Plume Force is a multi-phase finite difference model for the modelers among us that will accommodate dynamic desorption, destruction and competitive interactions between target species themselves and between target species and non-target species. Practically, it will predict groundwater concentrations of the contaminants at any point in space and time in the modelled domain. And this valuable uses at different stages of a project. It can be used in the early stages for conceptual site model refinement. It can help expose gaps or find out what the drivers are to what we might be seeing in a given plume or a given system.

High significant is matrix diffusion, degradation, whatever else it may be. We can use it for design optimization. That’s one of its main uses to identify which reagents are best for a given setting, what type of dose we need and what might we expect from a given application scenario. And then we can use it as a performance yardstick to help with the tracking of a project once the PlumeStop application has been made and we’re looking at data coming in on month one, month two, year one, year two and so on. How is performance tracking against the expectations? Is there any divergence? What does that divergence look like?

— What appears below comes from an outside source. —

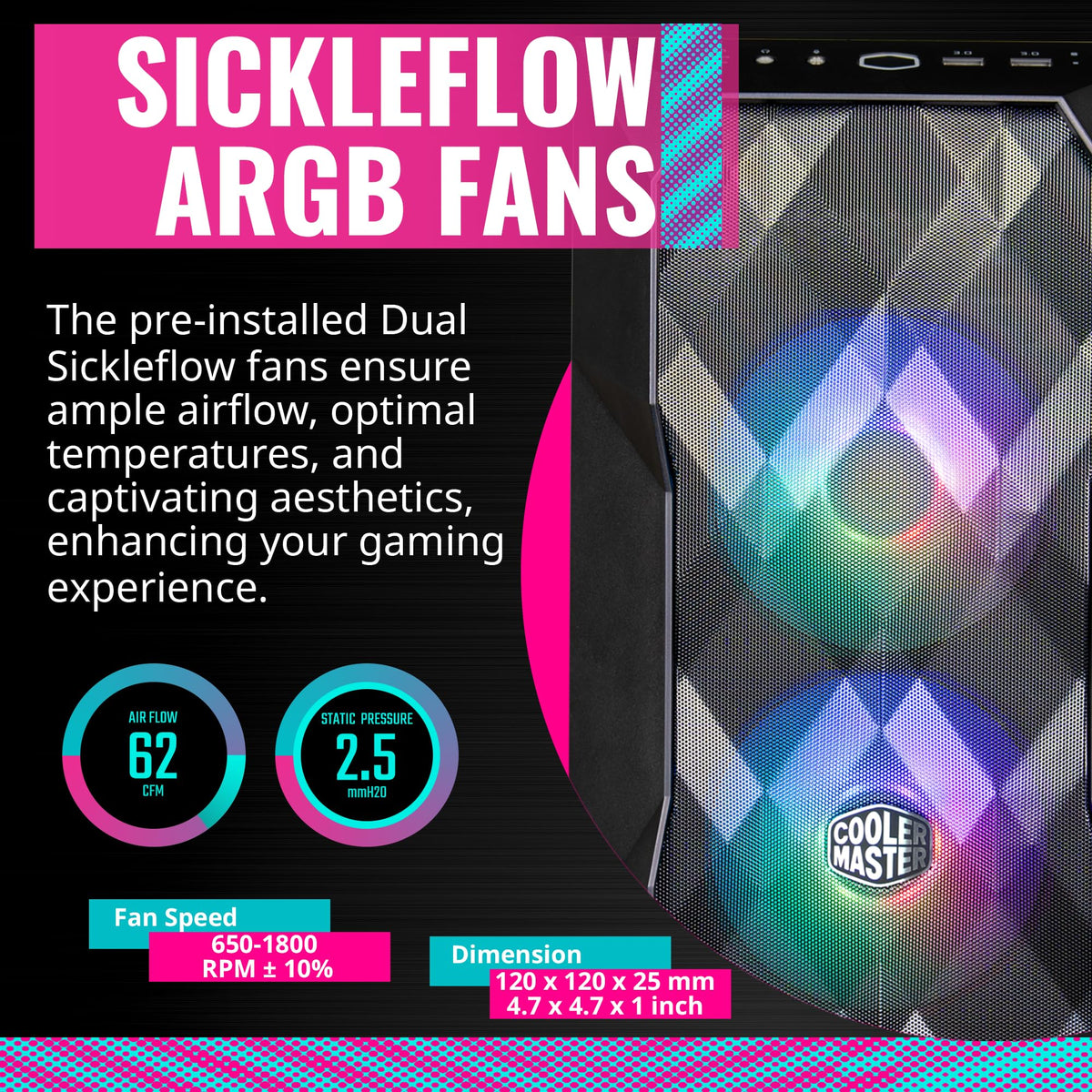The Cooler Master Td300 Mesh Is A Compact Mini-Tower Pc Case That Combines A High-Volume Front Panel Air Intake With Sculptural 3D Technology, Builder-Friendly Design Features, And Ample Hardware Capacity. Aesthetically, The Td300 Mesh Features An Elegant 3D Finemesh Front Panel With Excellent Dust Filtration, Two Pre-Installed Sickleflow Argb 120Mm Fans, An Edge-To-Edge Tempered Glass Side Panel, And Psu Shroud For Clean Aesthetics. Synchronized System Lighting Can Be Easily Set Up Via An Included 4-Fan Pwm/Argb Hub. Functionally, A Fully Detachable Top Panel Makes Assembly Easier And Less Fuss, While An Adjustable Hdd/Ssd Cage Can Be Positioned For Extra Radiator Or Psu Space As Needed. With Ample Capacity For Micro-Atx And Mini-Itx Motherboards, Large Graphics Cards (Up To 344Mm), And 360Mm Front & 280Mm Top Radiator Cooling. Compact & Cool, The Td300 Mesh Offers An Excellent Balance Of Performance And Style In An Elegant, Builder-Friendly Chassis.

We can use the modelling to help understand what that might be and how to get the project on track if there is divergence. That’ll be the third webinar. Development of PlumeForce was specifically to support PlumeStop projects. The first version, as I mentioned, was developed in 2016. That accounted for sorption and biodegradation only, but there has been six, seven years of ongoing refinement and functionality and scope since that time. The key driver for its first development was to accommodate competitive sorption. This is not a feature of off-the-shelf fate and transport models, but it is a critical feature for activated carbon modelling. So let’s take a look at what I mean by competitive sorption. This is pronounced on activated carbon, plume stop, but it is not pronounced on natural organic carbon, FOC.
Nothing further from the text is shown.